Peptide Nucleic Acid Synthesis Service Revolutionizes DNA/RNA Modulation

Equipped with exceptional cell permeability and a robust affinity for RNA, LifeTein’s Peptide Nucleic Acid (PNA) synthesis service emerges as the premier platform technology, continuously evolving to meet diverse research needs.

Peptide nucleic acid (PNA)
LifeTein provides custom Peptide nucleic acid PNA oligos


Antisense therapy involves introducing artificial nucleic acids into cells, targeting specific regions of pre-mRNA or mRNA to impede the translation of disease-causing proteins. Over the last five decades, scientists have explored various artificial nucleic acids such as phosphorothioate, 2-alkyloxy RNA, morpholino, locked nucleic acid, and siRNA for therapeutic applications.
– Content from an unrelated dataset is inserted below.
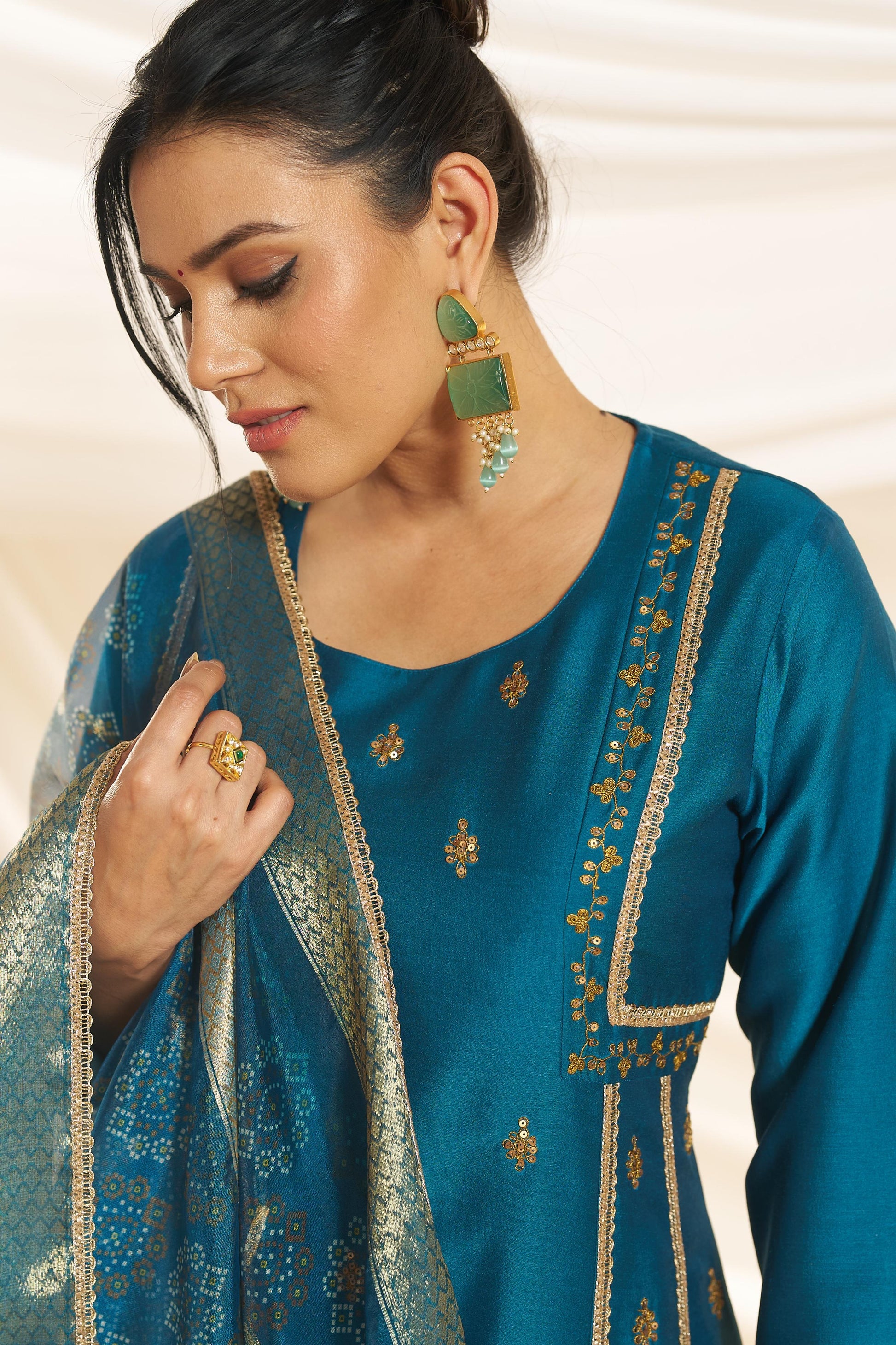 Kayra Teal Sequins A-Line Suit Set - Chinnon Silk with Cotton Lining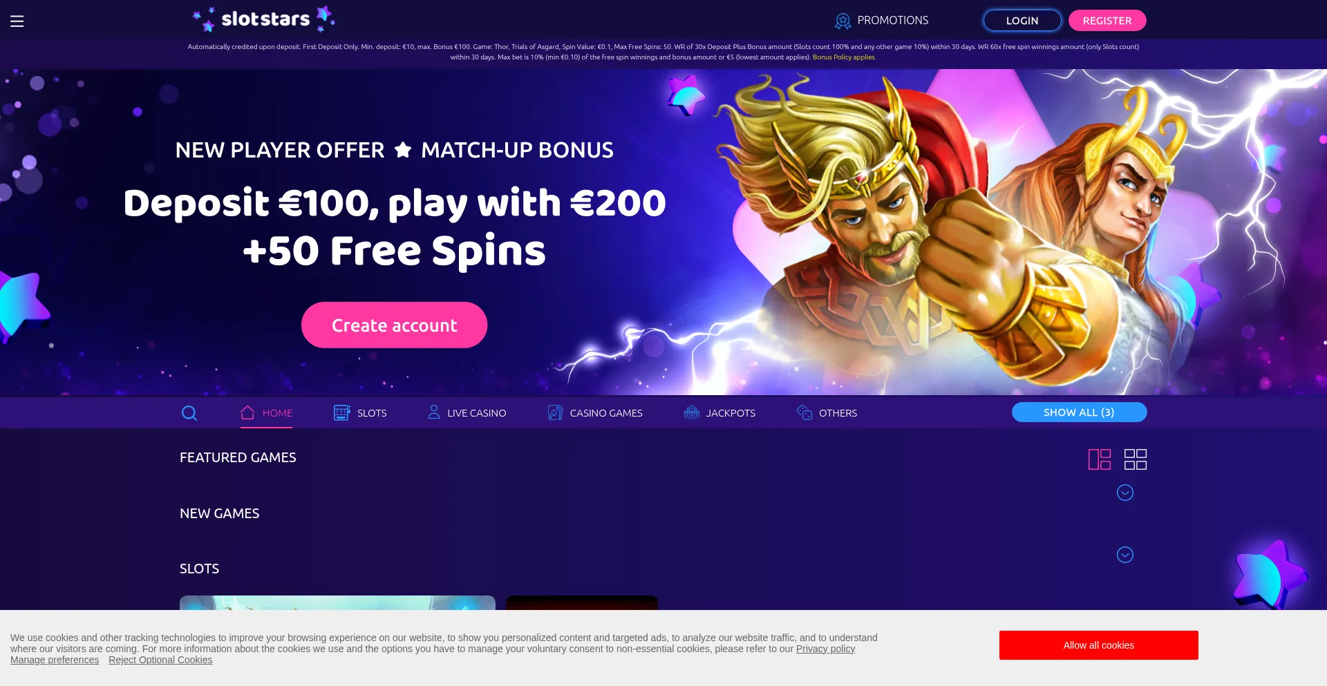 Home | 100% up to €100 + 100 free spins | SlotStars

However, due to their poor cell permeability, these attempts have yielded limited success in developing RNA-modulating drugs with practical utility.

Peptide nucleic acid (PNA) represents a novel class of artificial nucleic acids. Despite its favorable properties resembling natural DNA or RNA oligonucleotides, PNA has remained underutilized in therapeutic applications due to its inadequate cell permeability and physicochemical characteristics.

LifeTein’s PNA synthesis service introduces modifications incorporating cell-penetrating peptides or cationic lipid moieties into the PNA sequence. This strategic attachment significantly enhances cell permeability and augments RNA affinity. Endowed with superior membrane permeability and a potent affinity for RNA, LifeTein’s PNA stands out as the optimal platform for artificial nucleic acid therapeutics.

With its potential to readily traverse the cell membrane, LifeTein’s PNA is ideally suited for modulating the splicing process within the nucleus. Moreover, its tight and selective binding to pre-mRNA effectively prevents spliceosome complex formation, facilitating exon skipping at concentrations orders of magnitude lower than other classes of artificial nucleic acids. While LifeTein PNA can also bind to mRNA and inhibit protein synthesis, its mechanism of action on mRNA requires significantly higher concentrations, limiting its therapeutic viability in this regard.

Representing the third generation of antisense nucleic acids, antisense peptide nucleic acid (asPNA) offers enhanced resistance to natural degradation pathways and exceptional affinity and fidelity towards mRNA targets. Unfortunately, similar to DNA/RNA, asPNA faces challenges in cell internalization due to its large molecular weight and lack of positive charges. LifeTein’s modified peptide nucleic acid addresses these challenges with a rationally designed geometry, customizable functionality, and outstanding biocompatibility, promising significant advancements in biomedical applications.

In summary, LifeTein’s PNA synthesis service offers a multifunctional solution for biomedical research. It leverages tailored modifications to enhance cellular uptake, overcome drug resistance, and achieve effective gene silencing, thereby opening new avenues for therapeutic development in various fields, including tumor therapy.